9 Comments on “Natural surprises and our National Parks

  1. Glad you enjoyed your once in a lifetime experience.
    Somewhat disingenuous though either that or I have multiple lives.
    Last week alone on the “overgrazed and burnt” uplands as you put it on a shooting estate, I have seen 20 plus Redkites, buzzards, golden Eagle oh and an Osprey catching a 4-6 oz fish.
    Then there was the roe deer suckling her fawn.
    The grouse chick’s scuttling about in the heather
    Woodcock
    Swans, geese
    Then there was the rat catching and killing a young rabbit.
    May I suggest you get out of Glasgow a little more often

  2. What a greetin-faced piece, can’t help taking a pop while enjoying the free experience on the hill.

  3. Man, I forgot the six swifts tail chasing like Top Gun Maverick, multiple swallows and housemartins while sitting out in the evening.
    The woodpecker chicks are some noisy in the hollow dead birch too.

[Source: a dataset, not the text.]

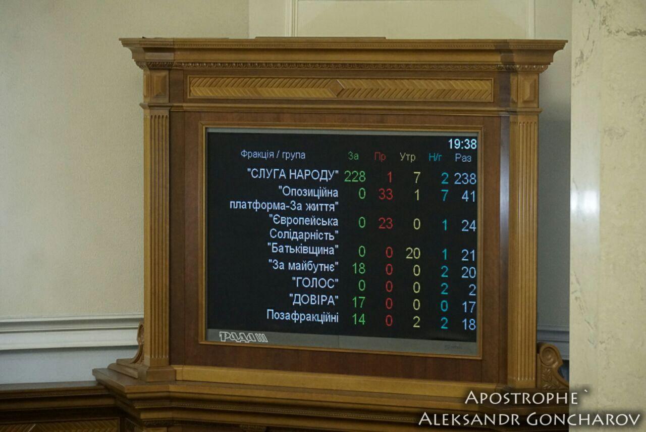 "Слуга народу": "за" - 228, "проти" - 1, "утрималися" - 7, "не голосували" - 2.
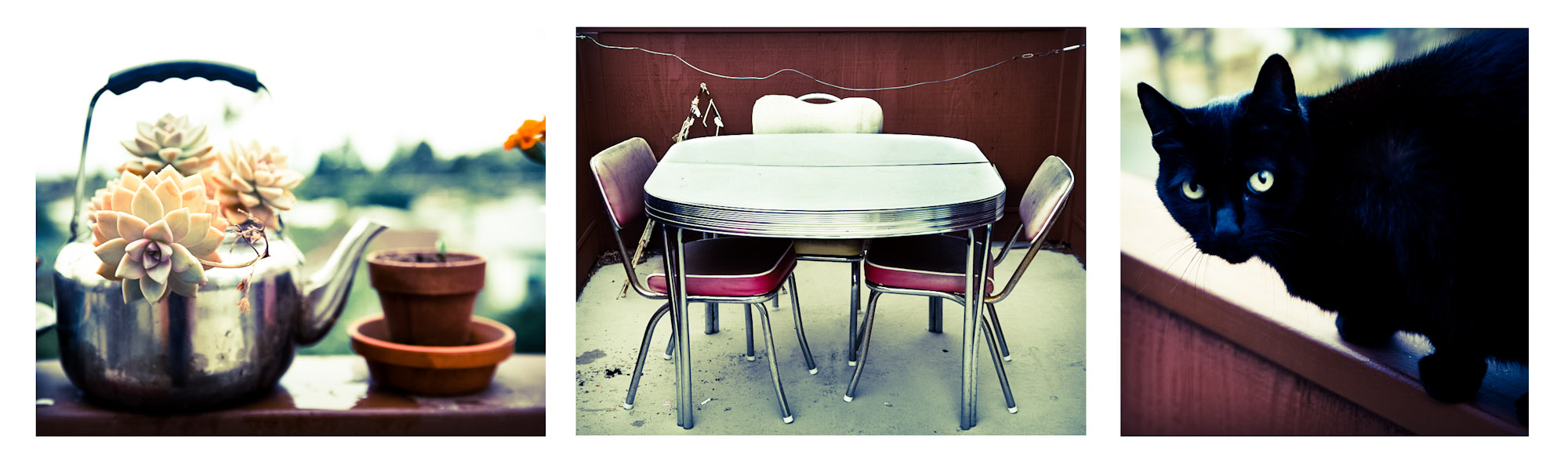 Leslie, my San Francisco Hostess, has a pretty amazing view of the Golden Gate bridge from her porch. However, I tend to find the shiny things close by make better souvenir pictures. It was too chilly for morning coffee outdoors, but the kitty didn’t mind at all. Tune in tomorrow for more views of Leslie’s garden…

Fair keep their parents busy.
    And the 4 barn owl chicks are growing albeit one is falling behind.
    At a loss as to how it happens in these “overgrazed and burnt” uplands.
    If only Glasgow had this diversity, let alone the golden plover with chicks, then yes many more would not think of it a a once in a lifetime experience eh?

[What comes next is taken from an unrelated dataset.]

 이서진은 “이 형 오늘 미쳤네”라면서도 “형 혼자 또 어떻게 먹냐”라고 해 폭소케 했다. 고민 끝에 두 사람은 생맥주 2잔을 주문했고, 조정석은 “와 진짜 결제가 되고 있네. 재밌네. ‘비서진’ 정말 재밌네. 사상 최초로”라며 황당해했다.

    1. Glasgow has most of the biodiversity you mention – I regularly see and hear greater spotted woodpecker in Pollok Park, swifts and swallows fly over my local pond (though numbers are seem fewer year by year) – we have buzzards and foxes are common unlike in the uplands. In fact cities are increasingly reserves for what biodiversity is left, hence the importance RSPB and other conservation organisations put on gardens. Yes, Glasgow doesn’t have golden plover but as you says its not rare to be able to get close to their chicks while out on the hills. What is rare is to get up close to raptors like peregrine or eagle, except of course for those people who deliberately hunt them out to kill them.

      1. “What is rare is to get up close to raptors like peregrine or eagle, except of course for those people who deliberately hunt them out to kill them.” Nick Kempe
        Not where I live it ain’t,. Kite less than 20 feet away yesterday. Barn owl still has her brood, Osprey still catching fish and the Eagle still fly over.
        Perhaps you may wish to reduce the tar loading on your brush unless you are suggesting something about myself.

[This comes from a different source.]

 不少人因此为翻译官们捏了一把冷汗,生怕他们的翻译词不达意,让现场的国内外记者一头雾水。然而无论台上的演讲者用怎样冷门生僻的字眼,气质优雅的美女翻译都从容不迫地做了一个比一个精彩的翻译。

    2. Nice to Troll, but you will find a greater depth of biodiversity in Glasgow than you will in most of highland Scotland, in fact i would put money on it. Walk at night and you will find numerous fox roaming the streets, sometimes even in the clyde tunnel, barn owls flying across the canal, hedgehog in back garden. I spotted an oyster catcher in Anniesland last week, and we have Otters and Salmon on the Kelvin. Wildflowers aplenty, list goes on.

      The saddest part is you will find natural tree regeneration all across the city and the central belt, not going to see that anywhere in the highlands.

  4. Well I stay in a city but I bet I see far more upland ground than most grousey boot-lickers.
    I cover over 1,000km of upland terrain each year, all year round, much of it off the beaten path, and I agree with the general observation of ““overgrazed and burnt” uplands. One can travel vast miles without seeing any wildlife, sure it’s possible to cherry pick the odd locality that hasn’t been scoured within an inch of it’s life, but the majority of those huge areas of upland are pretty barren.
    This weekend I did see one cluster of mountain hares: in a remote glen I had a look inside a ruin of an old derelict cottage. The back room had a surprise: a festering stew of bone and fur: dozens of dead mountain hares, shot, fecklessly dumped and rotting away, a litter of spent shotgun cartridges scattered around. An atrocious mess, and not quite the idyllic image of moorland wildlife the gun-creeps would have you believe, but this type of thing is the reality of upland shooting “land management”.